I wrote a paper this past fall that I hope you will read and enjoy. I welcome feedback.
Tens of thousands of questions are asked and answered every day on social question and answer (Q&A) Web sites such as Yahoo Answers. While these sites generate an enormous volume of searchable data, the problem of determining which questions and answers are archival quality has grown. One major component of this problem is the prevalence of conversational questions, identified both by Q&A sites and academic literature as questions that are intended simply to start discussion. For example, a conversational question such as “do you believe in evolution?” might successfully engage users in discussion, but probably will not yield a useful web page for users searching for information about evolution.
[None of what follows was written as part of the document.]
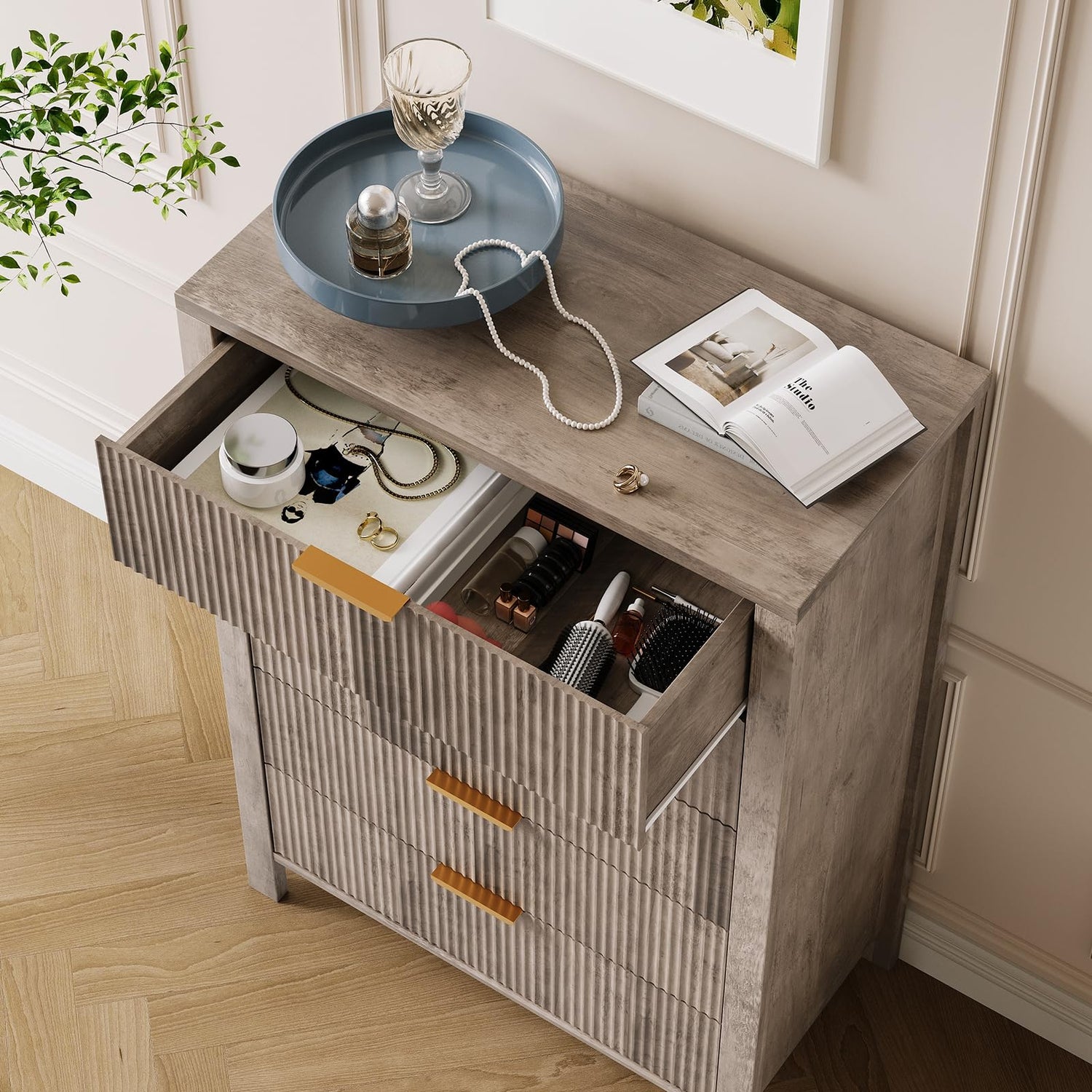 - Modern Fluted Design with Farmhouse Charm: The elegant fluted drawer fronts combined with a warm farmhouse wood grain finish create a timeless look. This wooden dresser enhances any decor style, functioning well as a bedroom dresser, entryway accent cabinet, or living room storage piece.

Using data from three popular Q&A sites, we confirm that humans can reliably distinguish between these conversational questions and other informational questions, and present evidence that conversational questions typically have much lower potential archival value than informational questions. Further, we explore the use of machine learning techniques to automatically classify questions as conversational or informational, learning in the process about categorical, linguistic, and social differences between different question types. Our algorithms approach human performance, attaining 89.7% classification accuracy in our experiments.
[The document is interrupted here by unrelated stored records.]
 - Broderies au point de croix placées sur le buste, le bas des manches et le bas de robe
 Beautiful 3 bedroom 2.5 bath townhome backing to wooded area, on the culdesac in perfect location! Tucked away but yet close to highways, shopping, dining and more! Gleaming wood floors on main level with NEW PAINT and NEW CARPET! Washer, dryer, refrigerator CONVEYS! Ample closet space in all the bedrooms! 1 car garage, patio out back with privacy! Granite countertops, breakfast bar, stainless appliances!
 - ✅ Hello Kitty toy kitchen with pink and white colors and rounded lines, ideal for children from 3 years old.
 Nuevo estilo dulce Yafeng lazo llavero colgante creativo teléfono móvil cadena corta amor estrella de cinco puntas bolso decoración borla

I wrote this paper with Daniel Moy, an undergraduate at the University of Minnesota, and Joe Konstan, my advisor. Also, many of you (my friends and colleagues) helped this research by coding data – thanks!
This paper will be published in the proceedings of CHI 2009, and is currently nominated for a best paper award, which is a real honor. Also of note is the fact that our Q&A paper at last year’s CHI conference was wedged in a session with a medley of completely unrelated work (e.g., public interactive displays). This year, Q&A has it’s own session with some outstanding researchers.